From: Nicolas Schier <nsc@kernel.org>
To: Yunseong Kim <yunseong.kim@est.tech>
Cc: "Ingo Molnar" <mingo@redhat.com>,
"Peter Zijlstra" <peterz@infradead.org>,
"Juri Lelli" <juri.lelli@redhat.com>,
"Vincent Guittot" <vincent.guittot@linaro.org>,
"Dietmar Eggemann" <dietmar.eggemann@arm.com>,
"Steven Rostedt" <rostedt@goodmis.org>,
"Ben Segall" <bsegall@google.com>, "Mel Gorman" <mgorman@suse.de>,
"Valentin Schneider" <vschneid@redhat.com>,
"K Prateek Nayak" <kprateek.nayak@amd.com>,
"Dmitry Vyukov" <dvyukov@google.com>,
"Andrey Konovalov" <andreyknvl@gmail.com>,
"Andrew Morton" <akpm@linux-foundation.org>,
"Nathan Chancellor" <nathan@kernel.org>,
"Nick Desaulniers" <nick.desaulniers+lkml@gmail.com>,
"Bill Wendling" <morbo@google.com>,
"Justin Stitt" <justinstitt@google.com>,
"Miguel Ojeda" <ojeda@kernel.org>,
"Boqun Feng" <boqun@kernel.org>, "Gary Guo" <gary@garyguo.net>,
"Björn Roy Baron" <bjorn3_gh@protonmail.com>,
"Benno Lossin" <lossin@kernel.org>,
"Andreas Hindborg" <a.hindborg@kernel.org>,
"Alice Ryhl" <aliceryhl@google.com>,
"Trevor Gross" <tmgross@umich.edu>,
"Danilo Krummrich" <dakr@kernel.org>,
"Jonathan Corbet" <corbet@lwn.net>,
"Shuah Khan" <skhan@linuxfoundation.org>,
linux-kernel@vger.kernel.org, kasan-dev@googlegroups.com,
llvm@lists.linux.dev, linux-kbuild@vger.kernel.org,
rust-for-linux@vger.kernel.org, workflows@vger.kernel.org,
linux-doc@vger.kernel.org, "Yunseong Kim" <ysk@kzalloc.com>
Subject: Re: [RFC PATCH v2 1/6] kcov: add per-task dataflow tracking for function arguments/return values
Date: Wed, 3 Jun 2026 21:25:19 +0200 [thread overview]

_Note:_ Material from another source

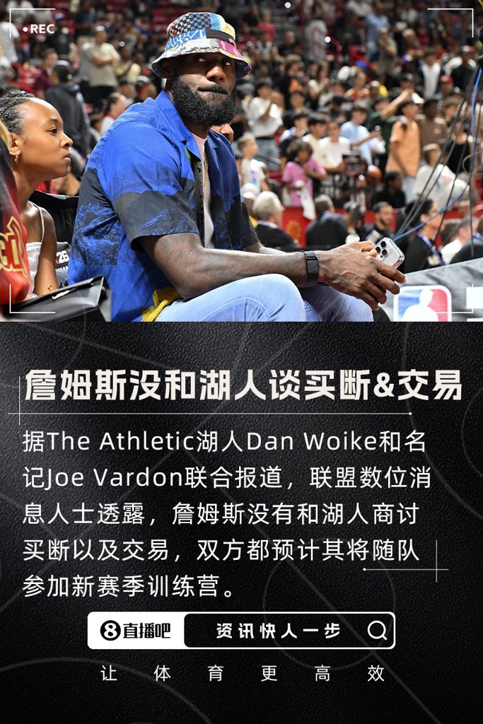 不过据The Athletic湖人Dan Woike和名记Joe Vardon联合报道,联盟数位消息人士透露,詹姆斯没有和湖人商讨买断、交易,也没有迹象表明詹姆斯未来会这么做,双方都预计其将随队参加新赛季训练营。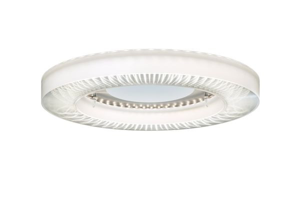 Deckenleuchte der IRIS-Produktfamilie. Lichtlenkung durch Abdeckung radialprismatisch, Ausstrahlungscharakteristik symmetrisch, breitstrahlend, Lichtaustritt direkt. Leuchtmittel LED-M eingebaut, Austausch durch Fachkraft möglich. Die Leuchte generiert einen Bemessungslichtstrom von 5330 lm in Lichtfarbe 840, Lichtstrom einstellbar: stufenlos. Die hohe LED-Lebensdauer ermöglicht einen langen Einsatz bei gleichbleibender Beleuchtungsgüte. Hohe Lichtqualität durch eine Farborttoleranz von . Gehäuse aus Kunststoff, transparent, Schutzart IP20. Mit elektronischem Betriebsgerät DALI-2. Austausch durch Fachkraft möglich. Nennspannung 220 - 240 V AC/DC 50 - 60 Hz.

Message-ID: <aiB_nycHL-MLN-3g@levanger> (raw)
In-Reply-To: <20260603-kcov-dataflow-next-20260603-v2-1-fee0939de2c4@est.tech>
On Wed, Jun 03, 2026 at 07:43:28PM +0200, Yunseong Kim wrote:
> Add a new KCOV subsystem that captures function arguments at entry and
> return values at exit, with automatic struct field expansion using
> compiler-generated DebugInfo metadata.
>
> Key components:
> - CONFIG_KCOV_DATAFLOW_ARGS: enables argument capture
> - CONFIG_KCOV_DATAFLOW_RET: enables return value capture
> - /sys/kernel/debug/kcov_dataflow: separate device from legacy kcov
> - Ioctl namespace 'd' (KCOV_DF_INIT_TRACE, KCOV_DF_ENABLE, KCOV_DF_DISABLE)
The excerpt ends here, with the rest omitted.